Jerusalem Artichoke
Cooking Tips
- Jerusalem artichokes can be eaten raw, skin and all.
- For those with digestive sensitivities to inulin, a quick boiling is recommended.
- Use in place of potatoes in soup. Top with chives and cooked bacon.
- For pickles, soak chunks in water and salt for a day. Drain water and pack into clean jars. Cover with a brine made from generous amounts of vinegars, spices, and a pinch of sugar. Put in the fridge for at least a week before eating.

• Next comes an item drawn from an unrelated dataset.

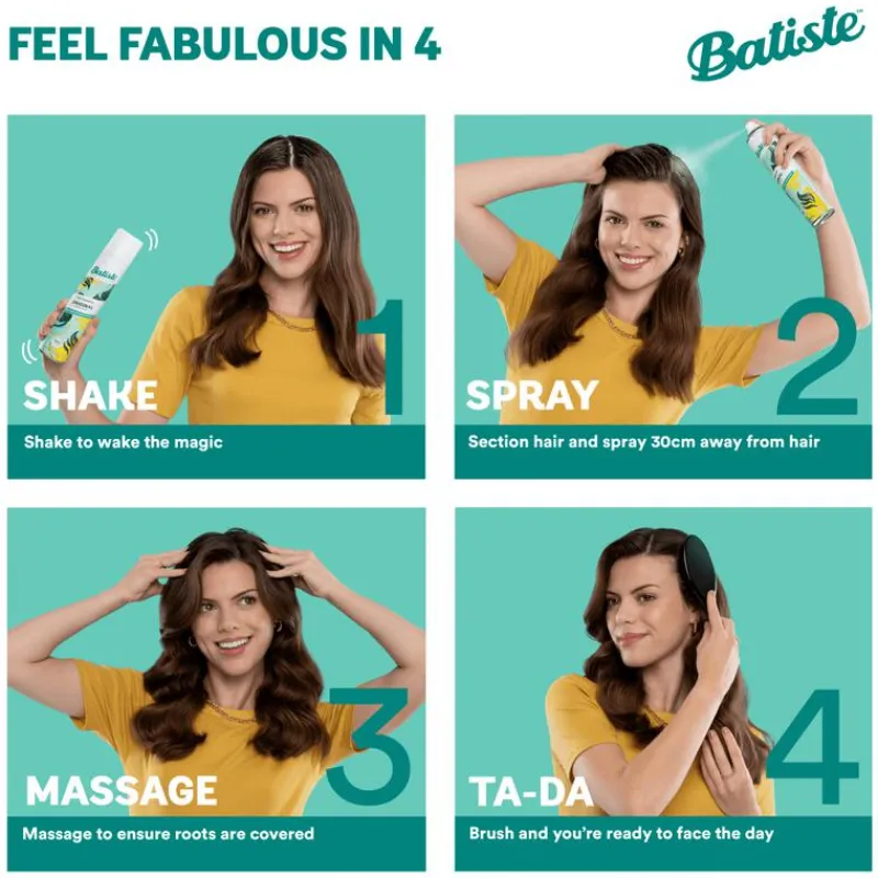 VOEL JE GEWELDIG IN 4 STAPPEN. 1.Schud een paar seconden om de magie wakker te maken. 2.Verdeel het haar in secties en spray richting je haarwortels (vanaf 30cm om precies te zijn) 3.Hussel het door elkaar met je vingertoppen en geef jezelf een kleine hoofdmassage om er zeker van te zijn dat je wortels bedekt zijn. 4.Borstel lichtjes om overtollige resten te verwijderen. Je bent klaar voor de wereld.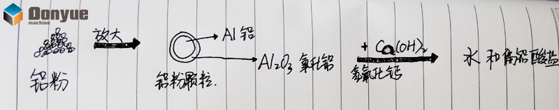 “加氣”過程核心的任務(wù)就是產(chǎn)生氣體,也就是作為發(fā)泡劑的鋁粉和水是產(chǎn)生氫氣。在小編看來主要包括三個步驟:

- Slice thinly using a mandolin. Drop into hot oil for half a minute and viola! Chips!
Details
Some vegetables seem to fly below the culinary radar, and Jerusalem artichokes, or sunchokes, are one such vegetable. Native to North America and grown as far north as Canada, Jerusalem artichokes are actually the root of a particular species of sunflower. You’ll see these tubers popping up in farmers markets beginning in October. Look for roots with few knobs, smooth skin, and no soft spots. They will be best when dug up after a light frost.
Nutrition: Jerusalem artichokes are especially recommended for diabetics. Rather than storing starch as glucose, the artichokes store it in the form of inulin, which is not used by the body for energy. This helps prevent blood sugar spikes. They are also high in potassium and iron and may aid in maintaining “good” gut bacteria.